After the conference's customary afternoon program "Survey of Employment Law Developments," the day wrapped up with a session on tips, tricks and pitfalls of electronic discovery. Two of the attorney panelists, who had previously gone head-to-head in a complex e-discovery case, emphasized the vast differences between e-discovery and paper discovery, and instructed attendees how to best benefit from e-discovery. The panel was supplemented by technical commentary from a computer forensics expert.
Labor & Employment Law Section Chair Rosemary Pye was excited about the content of the conference and the participation of MBA attorneys. "I want to congratulate all the organizers and speakers for their thoughtful, practical presentations and excellent written materials," said Pye. "They went right to the heart of what practitioners need to know to be effective for their clients."
Gertner delivers engaging keynote address After a buffet lunch, Boston attorney Ellen Messing introduced the keynote speaker, the Hon. Nancy Gertner of the U.S. District Court for the District of Massachusetts.
Messing described Gertner - who has been a criminal defense attorney, a civil rights activist, a leading advocate for women's rights, a law professor and a teacher of judges from the former Soviet Union - as a woman whose "willingness to challenge conventional wisdom" makes her career one that "defies categorization."

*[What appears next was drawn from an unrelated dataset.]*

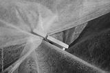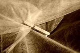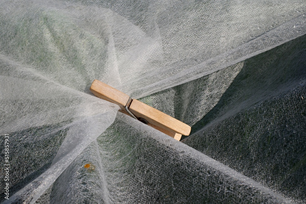 Pieces of synthetic fabric are connected by a wooden paper clip on a summer day

Gertner concentrated her speech on what she views as a troubling rise in summary judgments in employment law cases, and also spoke about discrimination in general. She noted that a summary judgment used to be considered a "last resort," but is now "the procedure of choice in areas of law where it should be just the opposite."

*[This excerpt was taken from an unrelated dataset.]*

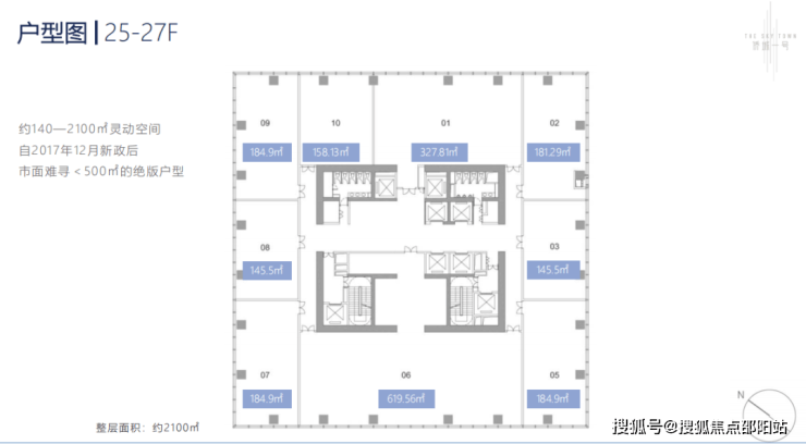 仅27层商务空间划分高中低三个电梯分区,分区细致

She described employment discrimination law as being "reduced to a series of tests" and recalled former federal Judge Patricia Wald's 1998 assessment of summary judgments as a "potential juggernaut, which, if not carefully monitored, could threaten the relatively small residue of civil trials that remain."

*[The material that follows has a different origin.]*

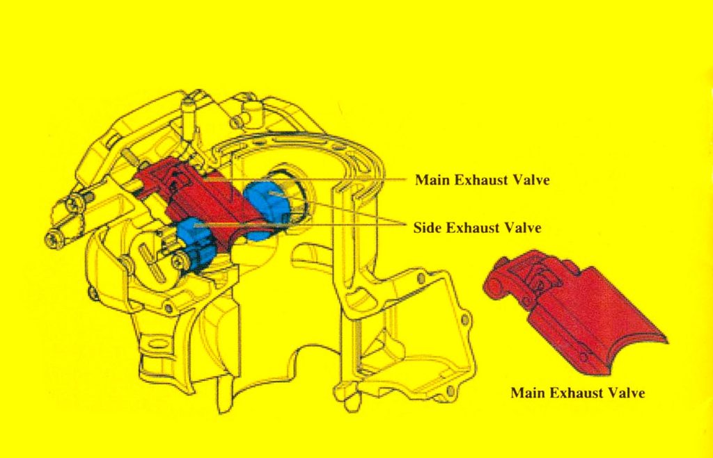 A redesigned power valve for 2001 moved to a dual-valve design to provide smoother power and more precise port timing control. Photo Credit: Suzuki

Her remarks were interrupted several times by applause, and she wrapped up her speech by urging the audience not only to examine the role and impact of summary judgment in discrimination cases, but to consider the continued presence of discrimination in our workplaces and our culture as a whole.
Gertner referred to the Equality Commission's recent study about women's struggles in making partner at law firms. The Equality Commission's report begins by noting that "women and men have been graduating from law schools and entering the firms in virtually equal numbers for at least 15 years," but according to the MIT survey, women make up only 17 percent of firm partners.
"We need to step back as a society and look at this institutionally," Gertner said. She suggested that women's challenges to climb the ladder in the private sector are mirrored in the public sector and concluded her speech with a comment about the low numbers of women and minorities who are appointed to both state and federal benches: "In 10 years, there will not be women, there will not be minorities, and we will all suffer."